Гермиона Грейнджер, двадцать лет, улыбка ярче полуденного солнца и глупые вязаные носки из разноцветной пряжи – вот и все, что я узнала о ней, прежде чем с головой нырнуть в ее омуты цвета гречишного меда.

И день за днем я узнавала ее все больше. Ну, чтоб уж наверняка не было ни единой возможности покинуть этот чертов плен из второсортных романов, в который я сама себя и загнала – Гермионе даже делать ничего не надо было, лишь быть собой.

Так было и в этот раз.

– Что это?

Она неловко вертела в руках бумажный сверток, который я только что без лишних объяснений всунула ей в руки.

– Просто небольшой подарок, – я пожала плечами, не зная, что еще ответить. – Подумала о тебе, когда увидела на витрине.

Упаковочная бумага упала на пол, а меня ураганом объятий и радостных визгов снесло на кровать. А ведь я всего-то теплый пестрый шарф ей купила, чтобы Гермиона больше голую шею сентябрьским ветрам на растерзание не отдавала. Мне же всю прошлую неделю пришлось отпаивать ее чаями и чуть ли не с боем заставлять пить таблетки точно как пятилетнего ребенка. А потом еще и кормить белым шоколадом, дабы она перестала обижаться, что я снова, не сдержавшись, повысила на нее голос.
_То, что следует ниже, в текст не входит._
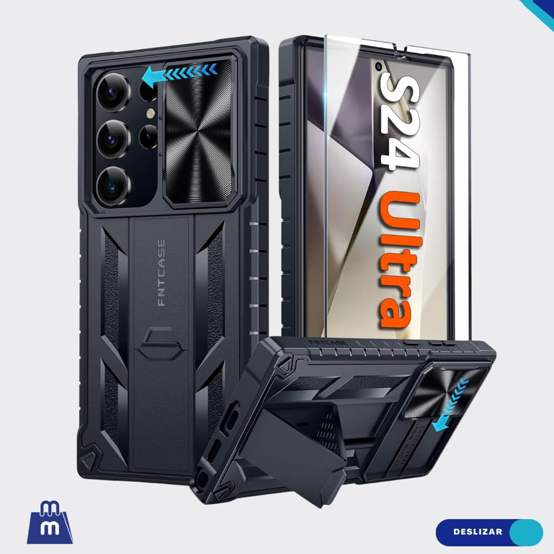 FNTCASE para Samsung Galaxy S24 Ultra: Protección de Grado Militar con Soporte y Deslizable para Cámara
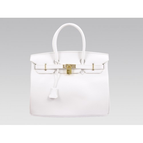 Hermes Birkin Togo Clemence de 35 cm, blanco con herrajes dorados

И так случается, наверное, всегда. Она делает что-то до абсурдного глупое и нелепое, а я, не задумываясь особо, могу прикрикнуть на нее. И по итогу мы получаем слезы, надутые раскрасневшиеся щеки и долгие объятия, которые часто перетекают в куда более интимные ласки.

Как это было и сейчас.

Неужели мне просто надо иногда дарить Гермионе пестрые вязаные вещи, чтобы она сносила меня настоящим ураганом страсти, за которую однажды Асмодея изгнали с небес?

– И что ты делаешь? – я усмехнулась, оторвавшись от ее губ. Чертова ниточка слюны, разорвавшись, превратилась в прозрачную бисеринку, которую так и хотелось слизать. Каким же нелепым кажется сейчас мой вопрос.
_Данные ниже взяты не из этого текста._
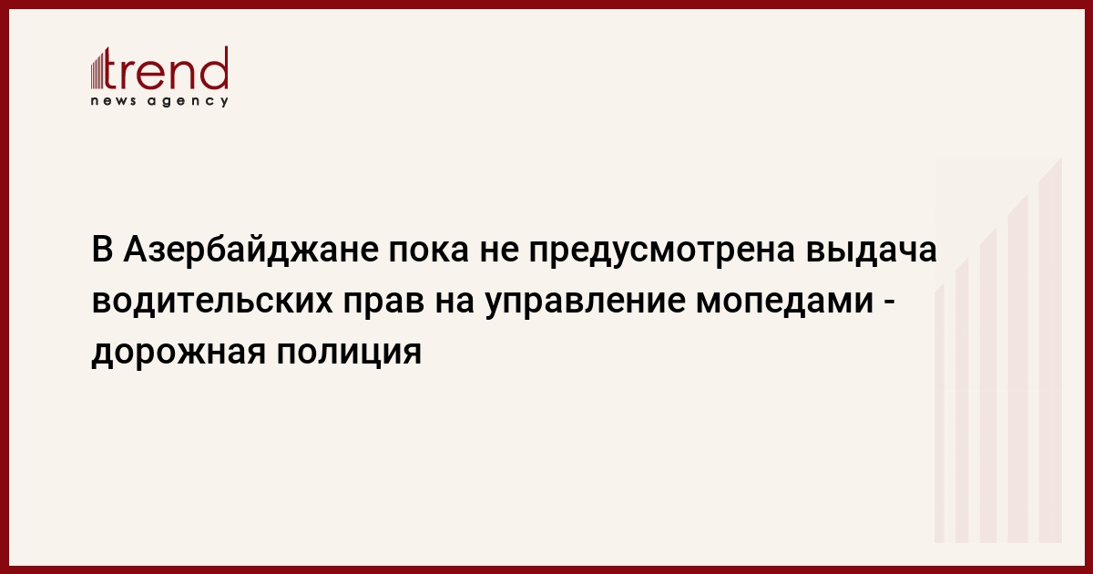 БАКУ /Trend/ - В Азербайджане пока не предусмотрена выдача водительских прав на управление мопедами, то есть транспортными средствами с объемом двигателя до 50 кубических сантиметров, а также их государственная регистрация.

Да и ответа на него я так и не дождалась – лишь потемневший взгляд получила и загадочную улыбку. В прошлый раз, когда Герми одарила меня такой улыбкой, мне пришлось тащиться с ней, пледами и набитой едой корзинкой в Свинли*. Я, конечно же, в шутку возмущалась всю дорогу туда, но вчера повесила три новых фотографии на стену. Такими темпами на этой стене у моей кровати вскоре и вовсе место закончится. И я, как бы наивно это не звучало, надеюсь на это.

Как и надеюсь, что сегодня юная Грейнджер задумала что-то поистине сумасшедшее, иначе она бы не смотрела на меня так. Полуприкрытые глаза, что кажутся золотыми в свете закатного солнца, медленное и глубокое дыхание, вновь и вновь скользящий меж губ кончик языка. Я готова сгореть лишь от того, что она сейчас рядом, нависает надо мной, расставив руки по обе стороны от моей головы, и неспешно, даже как-то лениво, раздвигает коленом мои ноги.

– Можно?

И я киваю, даже отчасти не представляя, на что соглашаюсь. Плевать. Если это Гермиона, то мне абсолютно плевать, что она со мной сделает. И ведь сколько мы знакомы? Недели три, меньше? А я уже не представляю своей жизни без нее и сделаю все, чтобы она никогда от меня не ушла.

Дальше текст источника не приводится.